La mort, cette étape indispensable à la vie…
Mais il y a Grand Pa…
Grand Pa qui l'attend avec bienveillance au Centre d'Entraînement. Grand Pa le patient, Grand Pa le courageux, Grand Pa le souffreteux, mais qui trouve encore la force de le réconforter et de sécher ses larmes en lui arrachant un sourire. Grand Pa le faible, mais qui le fait rêver en lui parlant de sa jeunesse sur les banquises lointaines. Grand Pa le désormais inutile, mais qui lui raconte ses exploits passés dans les plus grandes arènes de la région.
Son Grand Pa chéri, le dernier lien qui le retient encore à la vie. La dernière raison qui l'empêche de se tourner, museau contre le sol, et de se laisser étouffer dans ce maudit trou.
Obalie trouve le temps trop long et l'inquiétude étreint son petit cœur. Pourquoi son dresseur ne vient-il pas le chercher ?
Il n'a pourtant fait aucune erreur ce coup-ci, il n'a aucune raison d'être puni, aucune raison pour qu'on prolonge plus longtemps sa position inconfortable et de plus en plus douloureuse.
Il a suivi toutes les consignes à la lettre, réalisé impeccablement tous les gestes maintes et maintes fois répétés à l'entraînement, encore et encore, jusqu'à l'épuisement, jusqu'à en avoir des nausées de fatigue.

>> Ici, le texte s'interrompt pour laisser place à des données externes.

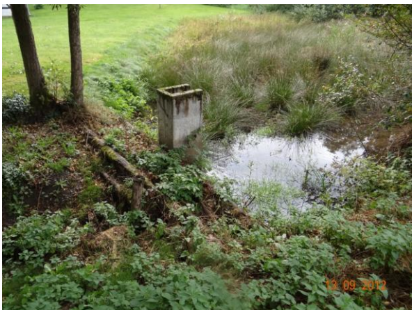
Destruovaná hráz a zbytky opevnění nádrže nad č.p. 22.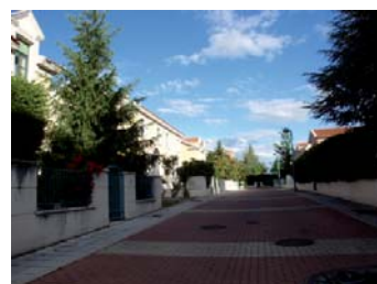
Calle de coexistencia.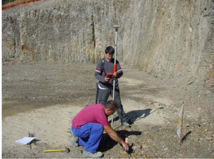
Figura 24.Cierre de poligonal.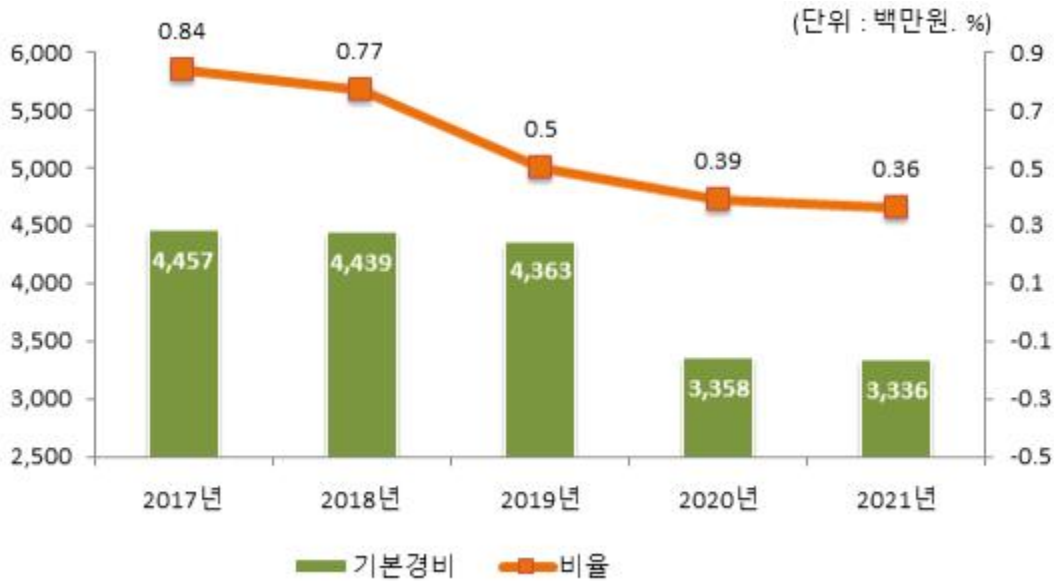
기본경비 연도별 변화

☞ 2021년도 기본경비는 3,336백만원으로 2020년도에 비해 22백만원 줄었으며 세출결산액과 비교하여도 기본경비 비율이 0.39%에서 0.36%로 낮아짐

Serrer les dents juste avant de recevoir le coup qui l'envoie bouler au loin.
Encaisser vaillamment les G de la vitesse de propulsion.
Contracter tous ses muscles au moment de l'impact sur l'herbe verte et grasse.
Gagner un maximum de distance lors des deux ou trois rebonds qui suivent et pour ce faire, imprimer à son corps un léger mouvement de balancier.
Entrouvrir discrètement les yeux pour s'assurer de la trajectoire.
Puis rouler. Profiter de l'élan et rouler, rouler. Le plus loin possible, le plus longtemps possible, queue rentrée, pattes repliées, cul par-dessus tête.
Si nécessaire, incliner légèrement le corps vers la droite ou la gauche pour infléchir la courbe dans la bonne direction.
Un seul objectif : le trou. Viser le trou, rien que le trou.
Ralentir légèrement avant de l'atteindre, pour que ça paraisse le plus naturel possible.
Puis se laisser tomber mollement au fond et attendre, sans bouger.
Clameurs du public, applaudissements, crépitement de flashes. Compliments, chaudes félicitations et admiration pour l'adresse incroyable de son dresseur. Quel talent !
Autant d'indices qui lui indiquent qu'il a réussi sa mission, qu'il est bien au fond du dix-huitième trou.